А вот у одного знакомого богатого гимназиста — узнал я — есть микроскоп, увеличивающий в пятьсот раз. Я видел этот микроскоп, по сравнению с которым мой выглядел нищенски-жалким.
У микроскопа богатого мальчика был особый осветительный прибор — хрустальный гладкий шар, наполненный чистейшей водой. Через этот шар пропускался свет электрической лампочки с зеркальным рефлектором, и луч страшной силы падал на стекло с препаратом.
Богатый мальчик показал мне кровообращение головастика.

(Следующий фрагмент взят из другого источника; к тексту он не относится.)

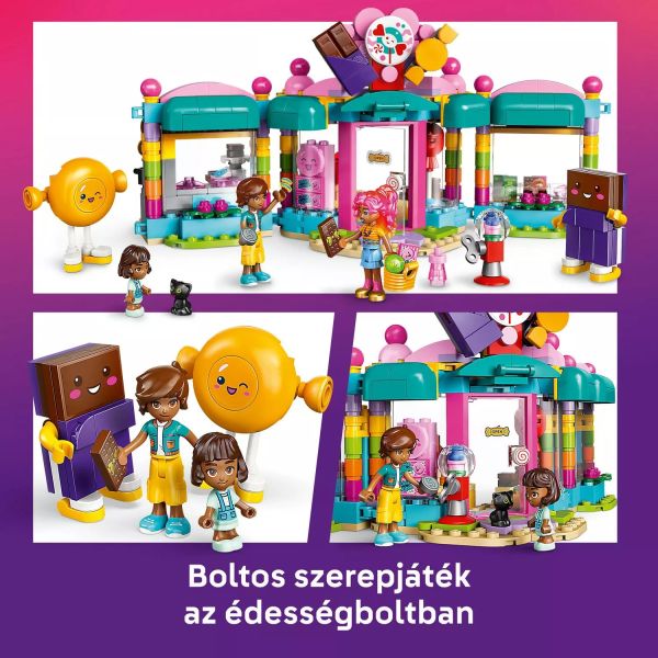 A lányok, a fiúk és az ifjú építők felfedezhetik a LEGO® Friends Heartlake City édességbolt (42649) szettet, amely telis-tele van minden jóval és vidám részletekkel. A készletben 2 minibabafigura, egy mikrofigura, egy macskafigura és rengeteg kiegészítő biztosítja a kreatív játékot.

Я заглянул в окуляр и увидел часть какого-то полупрозрачного тела, пронзенного электрическим лучом из хрустального шара; в нем пунктирно двигались пульсирующие частицы — как мне объяснил богатый мальчик, кровяные шарики, или белковые тельца, или что-то в этом роде.
Вот это был микроскоп, так микроскоп!
…с этого дня мой дешевый микроскоп, поставленный на стол рядом с глобусом и кинематографическим проекционным аппаратом, играл лишь бутафорскую роль некоего научного прибора. Это было тогда, когда в меня вселялась душа великого Менделеева и я производил свои ужасные химические опыты…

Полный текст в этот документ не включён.